Пройдя с грехом пополам шлюзы и озера Панамского канала, Робинсон направил "Сваап" к небольшому островку Тобаго, расположенному всего в 10 милях от материка. Он знал, что амплитуда прилива на Тобаго составляет 3,6–4,8 метра, и поэтому, заведя яхту в идеально защищенную бухту, он со своим помощником смог покрасить днище "Сваапа". Там же оба они сшили и поставили большой прямой грот, который им впоследствии очень пригодился. Сделав один-два пробных похода, они переделали парус. Вскоре все парусные и иные работы были закончены, начался первый этап увлекательного плавания по Тихому океану.

"Сваап" (общая длина 9,9 м; длина по ватерлинии 9,38 МГ ширина 2,89 м; осадка 1,67 м, Конструктор Олден).


"Утром 25 октября мы наконец отправились в дальний путь. Первый заход предстояло сделать на Жемчужные острова. Ребята с бостонской шхуны "Чане", тоже уходившие в Тихий океан, помахали нам на прощание рукой. Большая стая резвящихся дельфинов сопровождала нас.

Славно мы начали свой переход. Новый прямой грот тянул, словно десяток лошадей, судно весело бежало в бакштаг, и я был вне себя от радости. Мне еще никогда не приходилось видеть такой парус в работе."
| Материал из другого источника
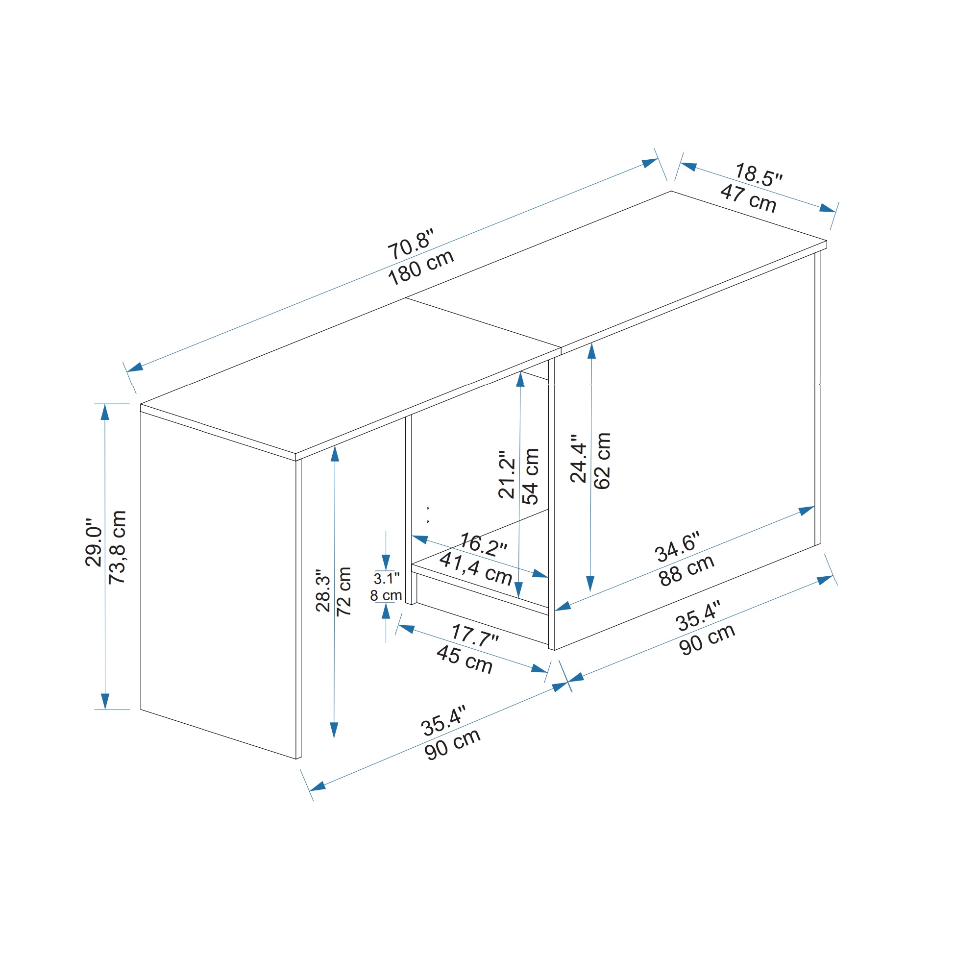 HEIGHT: 29" / 73.8 cm | WIDTH: 70." / 180 cm | DEPTH: 18.5" / 47 cm.

Билл Робинсон был в высшей степени незаурядным человеком. Он, несомненно, много размышлял и не боялся заносить на бумагу результаты своих наблюдений, несмотря на всю их противоречивость. Некоторые его замечания, как, например, резкие выпады против отдельных миссионеров, встреченных им на островах Тихого океана, его критика в адрес определенных лиц, несомненно, доставили немало неприятностей и самому Робинсону, и его издателю. Он, кроме того, был наделен даром видеть, а также описывать увиденное, ибо принадлежал к людям, умеющим замечать  необычное. Вот описание водяного смерча. Дело происходит вскоре после рождества в Тихом океане.

"Я сидел в рубке за столом, прокладывая на карте линии положения, определенные по меридиональной высоте Солнца, как вдруг почувствовал что-то неладное. Я выглянул из рубки, и предчувствие сменилось тревогой: с кормы быстро приближался только что возникший водяной смерч. Такой гигантской воронки мы еще никогда прежде не видели. Из низко висящей тучи, как щупальце чудовищного осьминога, который норовит вцепиться в врага, свешивался длинный черный хобот, он извивался и шарил, еще не доставая до поверхности моря. Словно зачарованные, смотрели мы, как он опускается все ниже и ниже; иногда воронка сокращалась, но затем снова вытягивалась, с каждым разом все увеличиваясь. Уже слышен был вдалеке не то рокот, не то вздохи — примерно такой звук предупреждает о приближении водопада, когда спускаешься вниз по течению на каноэ. Сперва едва заметное волнение внезапно усилилось: возникший водоворот начал вращаться быстрее и быстрее, срывая клочья пены и водяные брызги. Образовалась четкая выпуклость, нависший над ней столб горячего воздуха как бы всасывал воду, и водяная колонна поднималась все выше и выше. Брызги воды и пена теперь взлетали высоко вверх, и вскоре у нас на глазах столб водяного тумана приблизился к воронке, спускавшейся из облака. Облако и море соединялись, теперь все больше воды, вращаясь, устремлялось ввысь, а взволнованный участок моря становился все обширнее и неспокойнее оттого, что чересчур тяжелые частицы воды вырывались центробежной силой из столба и обрушивались вниз. Шум и волнение росли с каждой минутой; шипение в воронке, вопли ветра, грохот сталкивающихся волн смешивались воедино, рождая жуткий рев. В нижней половине воронки количество воды прибывало, и она внезапно сомкнулась с верхней. Вращающийся с бешеной скоростью столб воды соединил море и небо.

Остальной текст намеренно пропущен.